Суп фиолетов, сельдь поет на блюде,
Мужчина вилкой трогает укроп,
И женщина, прикрыв рукою груди,
Глядит в окно, как в мощный телескоп.
Летает сор, вселенная безлюдна,
Ветра гудят и ходят колесом.
Мужчина дышит осторожно, трудно,
И не сопротивляясь, видит сон.
Он спит помногу, сон приходит часто -
Как будто в доме танцы и кутеж,
И он выводит женщину на ча́рльстон,
И со спины в нее вонзает нож.
* * *
Я уехал в Монголию, чтобы поверить веселому сну,
Сопровождал военизированный караван,
Подножка вертолета скользнула по виску,
На всю жизнь остался фиолетовый шрам.
Подростки латали бечевкою войлочный мяч,
Пастухи выпивали, передавая узкий стакан.
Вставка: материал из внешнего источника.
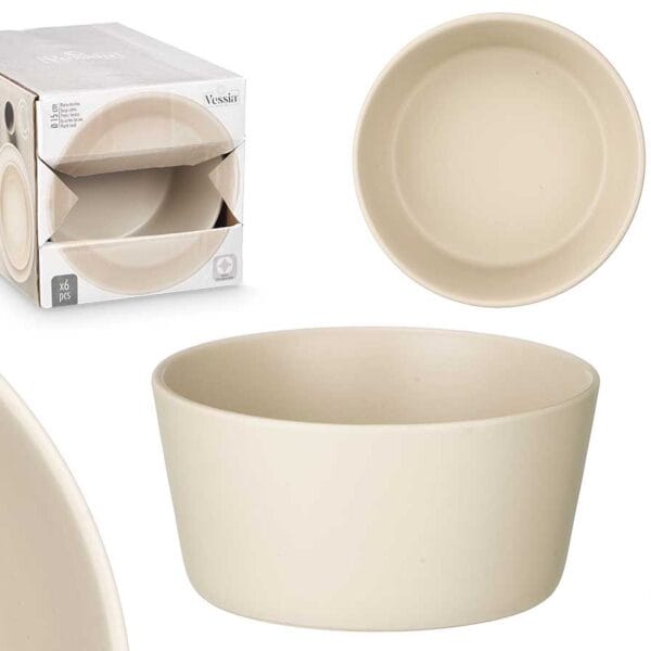 Plato hondo de 15 cm liso en color beige. Dimensiones del Producto: 15 x 15 x 7,2 cm.

Я оставался в полном сознании, чтобы слышать приказ,
У развилки дорог стоял истукан.
К ночи пыль оседала, я споласкивал рот,
Освобождался от наплечных ремней,
Удары сердца я воспринимал как пароль
И гордился озабоченностью своей.
И обернувшись худым одеялом, как учил проводник,
Я слышал было шаги развеселого сна,
Но являлся мой старший брат и песен не заводил,
И простуженно кашлял, и исчезал как луна.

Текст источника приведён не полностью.